Task to carry out —
Print the whole listing again exactly, keeping no pictures in it.
===== Provided material =====
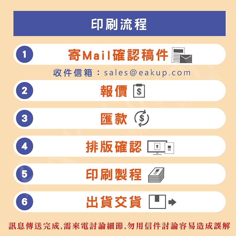 1. 確認稿件:客人自備圖檔(ai檔最佳),如無專業檔,可先電話人工確認圖樣,是否能夠承接印刷
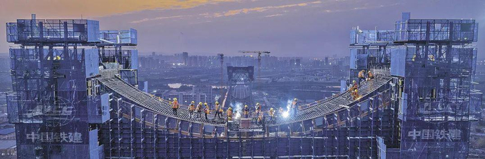 俯瞰展馆顶部,钢架线条明朗,施工有条不紊。此图兼具几何韵律与色彩之美,银白色的钢铁结构仿若涟漪,自展馆顶部中心向外层层扩散,构成规整半圆;湖蓝色的玻璃幕墙渐次安装,为半圆镀上色彩,丰富画面层次;橙色的吊机与身着黄色服装的工人是点睛之笔,为画面注入暖意。忙碌有序的施工进程,折射出经济社会持续恢复的向好态势。
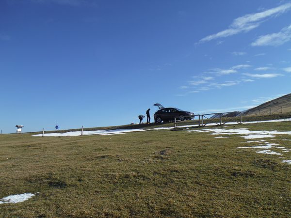 Eccoci arrivati al prato poco prima del parcheggio, ci accoglie nuovamente il vento freddo.
=====
Response to the exercise —
 1. 確認稿件:客人自備圖檔(ai檔最佳),如無專業檔,可先電話人工確認圖樣,是否能夠承接印刷
 俯瞰展馆顶部,钢架线条明朗,施工有条不紊。此图兼具几何韵律与色彩之美,银白色的钢铁结构仿若涟漪,自展馆顶部中心向外层层扩散,构成规整半圆;湖蓝色的玻璃幕墙渐次安装,为半圆镀上色彩,丰富画面层次;橙色的吊机与身着黄色服装的工人是点睛之笔,为画面注入暖意。忙碌有序的施工进程,折射出经济社会持续恢复的向好态势。
 Eccoci arrivati al prato poco prima del parcheggio, ci accoglie nuovamente il vento freddo.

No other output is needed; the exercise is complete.